Russ: And he made an album. He still makes albums. Him and Ringo, still makes albums.

Dr. Gwynette: So yeah, it’s just fascinating that they’re still winning fans to this day. I hope people who listen today can appreciate the Beatles all over again and please go back to the albums. If you listen to vinyl, break them out. If you listen to tape decks, eight tracks, CDs, hit iTunes, Spotify, wherever you can and just listen to that music because it will never be duplicated. It’s really-

Russ: No. I mean, there’s people who record them in Motown or the country westerns jazz and even R&B and they could put their thumbprint in it but it doesn’t have that same quality. I mean, I like how they play it, but it’s not the same. I mean, it doesn’t have that style that… You could sing the song, but you don’t have that flavor.
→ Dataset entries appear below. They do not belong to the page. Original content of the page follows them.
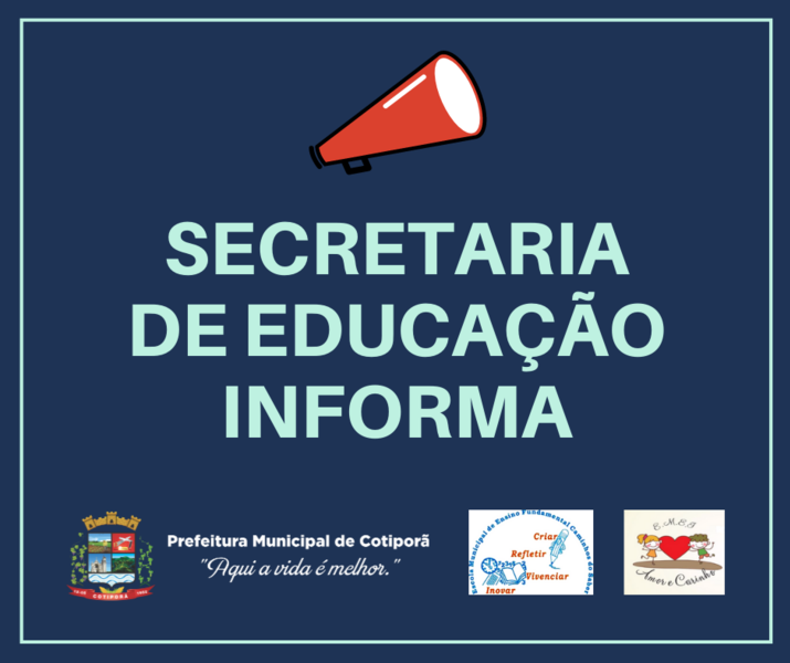 A Prefeitura Municipal através da Secretaria de Educação e Desporto e Equipe Diretiva das Escolas Municiais se colocam a disposição e solicitam que os pais acompanhem as informações que serão divulgadas durante o período.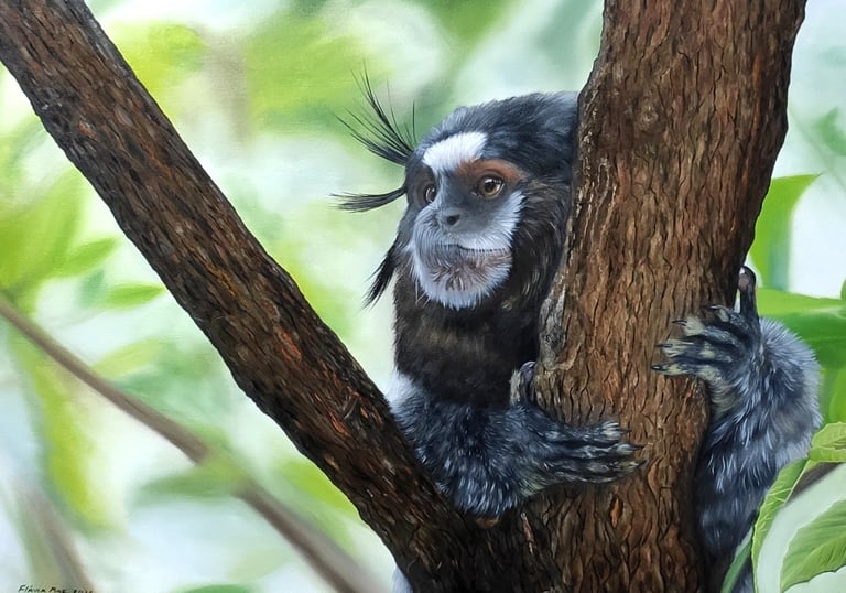 A liberdade das aves, a força dos cavalos e a serenidade das paisagens. Com técnica apurada de luz e sombra, representada pela obra "Blue Jay", Flávia traz a vibração da natureza para dentro de ambientes sofisticados. Perfeito para colecionadores e decoração de alto padrão.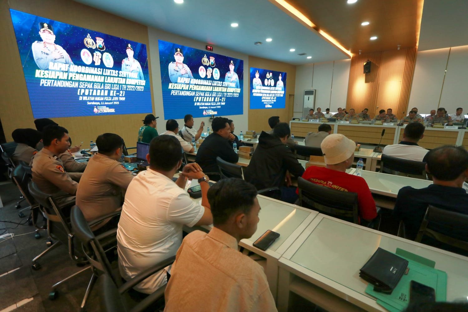 Surabaya, seblang.com – Persiapan pengamanan kompetisi BRI Liga 1 musim 2022/2023 putaran kedua, pihak Polda Jawa Timur telah menggelar rapat koordinasi ( rakor) di Rupatama Polda Jatim kemarin Rabu (11/1/23).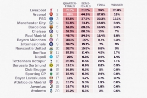 opta預(yù)測本賽季歐冠奪冠概率: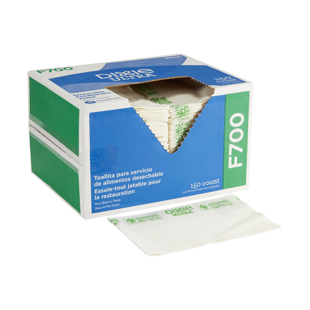 מגבות שירות מזון חד פעמיות DIXIE ULTRA® F700 של GP PRO (ג'ורג'יה פסיפיק), פס לבן וירוק, 150 מגבות בקופסה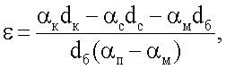 где к, с, м, п – коэффициенты линейного расширения материалов соответственно корпуса, стеклянной втулки, затвердевающего вещества и металлического порошка; dк, dc, dб – значения внешних диаметров соответственно корпуса, стеклянной втулки и буферного слоя.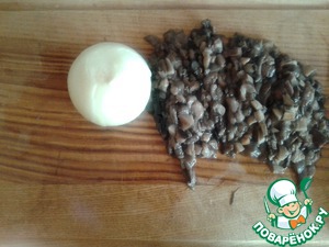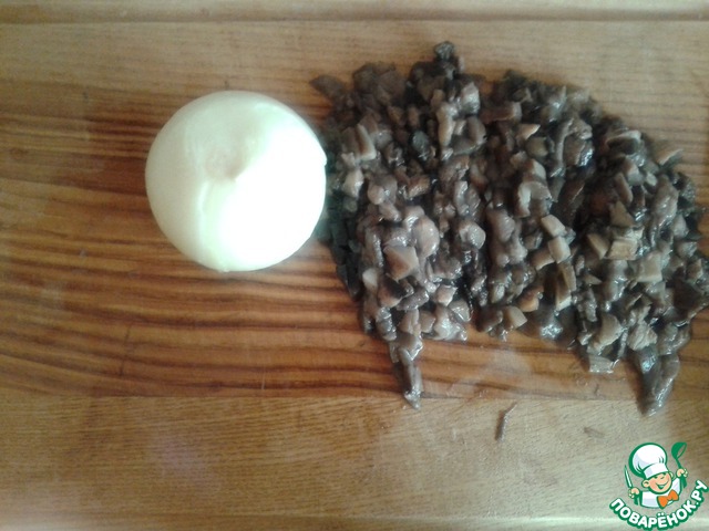 Для начала мелко режем грибы и лук, затем обжариваем и оставляем остывать.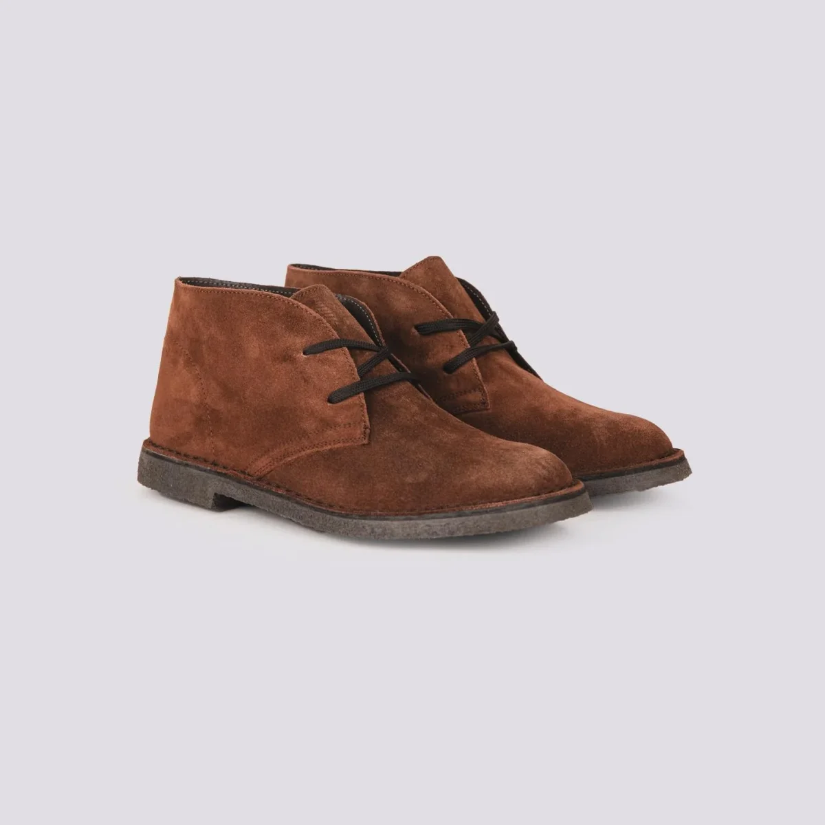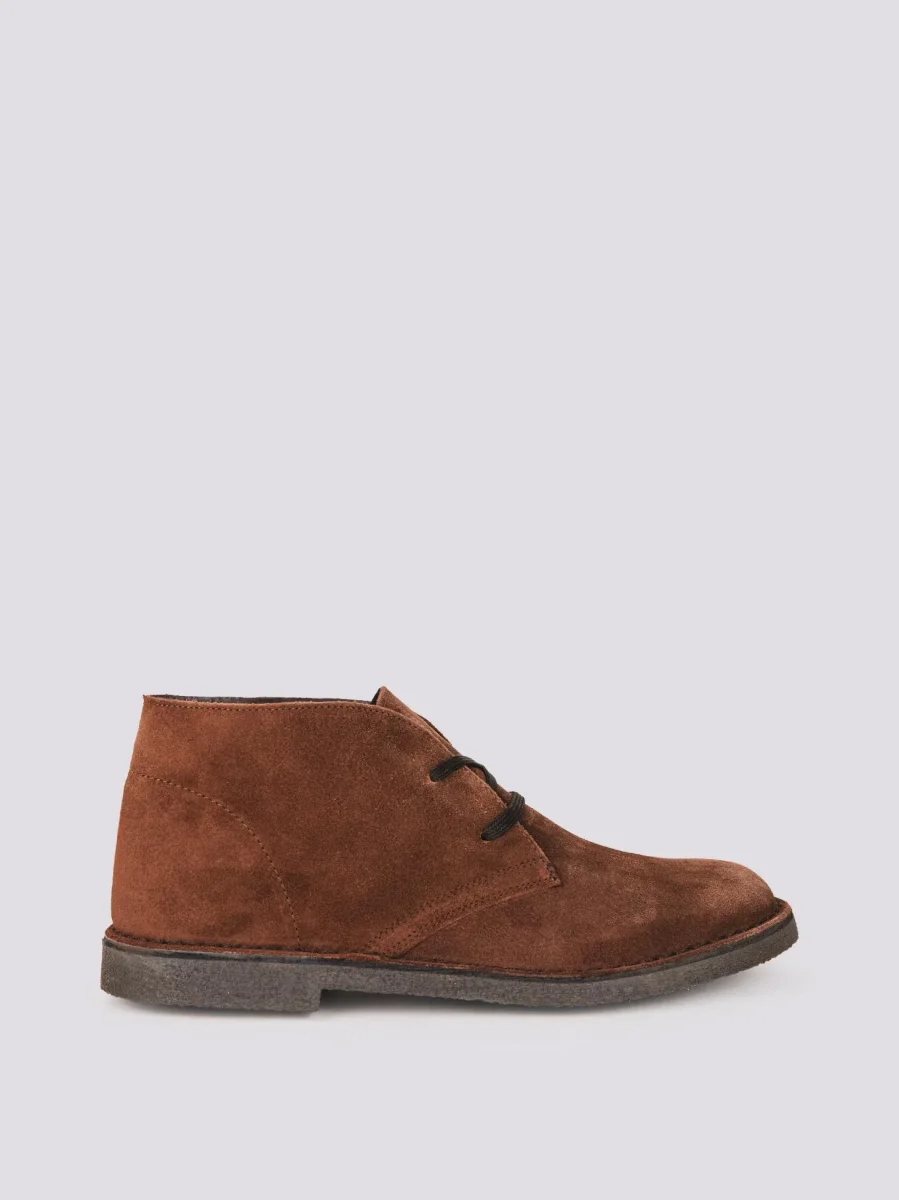 Polacchino in pelle scamosciata marrone, realizzato unendo una suola in gomma con para, caratterizzato da una punta rotonda e una fodera in pelle.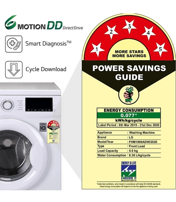 LG 6 kg 5 Star Fully Automatic Front Load with In-built Heater White (FHM1006ADW)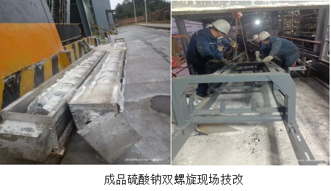 為提升硫酸鈉的品質(zhì),減少系統(tǒng)非計劃停機等風(fēng)險,威遠(yuǎn)藍(lán)鼎生產(chǎn)部在運維部、供應(yīng)部大力支持下決定將兩條螺旋技改成輸送皮帶,2023年1月14日,蒸發(fā)濃縮停機檢修,生產(chǎn)部長黃安軍、楊平、宋雨鵬協(xié)同檢修班長和生產(chǎn)技術(shù)員張衛(wèi)健,集中威遠(yuǎn)藍(lán)鼎檢修骨干對硫酸鈉兩條螺旋開始技改工作,18:30硝螺旋改輸送皮帶技改完成進(jìn)行試車,1月15日凌晨3:00帶料試車正常,經(jīng)過1個月使用觀察,本次技改較螺旋故障率更低,物料輸送更松散、均勻,也大大改善了干燥后硫酸鈉積塊等問題,同時也得到了川威集團(tuán)銷售的認(rèn)可,體現(xiàn)了公司敢于創(chuàng)新的精神。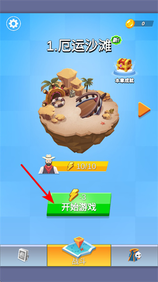 1、在游戲中,點(diǎn)擊開始游戲按鈕進(jìn)入厄運(yùn)沙灘關(guān)卡,這是開啟冒險(xiǎn)戰(zhàn)斗的關(guān)鍵操作,可操控英雄在沙灘場(chǎng)景展開戰(zhàn)斗。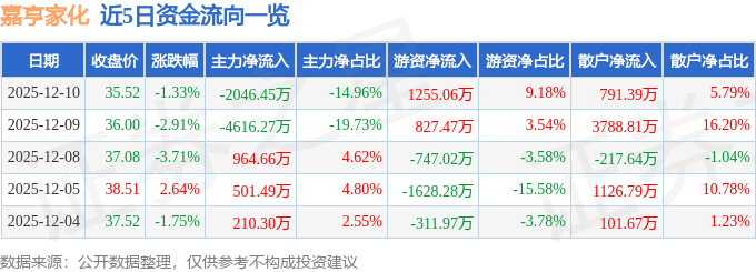 证券之星消息,截至2025年12月10日收盘,嘉亨家化(300955)报收于35.52元,下跌1.33%,换手率3.86%,成交量3.89万手,成交额1.37亿元。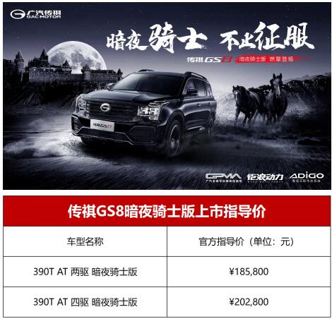 在刚刚结束的2020广州国际车展上,广汽传祺展台热闹非凡,传祺GPMA架构首款运动轿车传祺EMPOW55首次亮相,备受关注。此外,以一袭黑色战衣登场的传祺GS8暗夜骑士版,虽然还未上市,也吸引众多消费者驻足围观。 今天,颜值与内涵兼具的传祺GS8带着它的新皮肤来了,传祺GS8暗夜骑士版于今日正式上市。硬核豪华再升级,传祺GS8暗夜骑士版新增熏黑外观打造魅黑造型,以更时尚个性的魅黑造型满足年轻消费群体的需求,并提供两驱版本和四驱版本车型供消费者选择,其中暗夜骑士两个版本的售价与豪华智联版车型保持一致。同等价格同等配置,加上如此酷炫的外观,你被它迷惑了吗?

Dr. Gwynette: Do you think that you and I should talk about the Beatles regularly on a regular show?

Russ: Yeah. Actually I was planning on being my silly self, but-

Dr. Gwynette: Please.

Russ: But yeah.

Dr. Gwynette: Yeah. You can always be your silly self on this pod and yeah, I think that we have the beginnings here of a great series about the Beatles that is at least one show, but let’s try to make it many more than one.

Russ: Sure.

Dr. Gwynette: Yeah. We’ve just scratched the surface, right?

Russ: Right.

Dr. Gwynette: Okay. Well, again, thank you to our audience for joining us today. I’m here with Russ from the Autism News NetWORK who is a lifelong Beatle fan and always will be, and we appreciate you being with us and we hope that you’ll join us for our next episode soon. I’m Dr. Gwynette from the Autism News NetWORK. Thank you for joining us.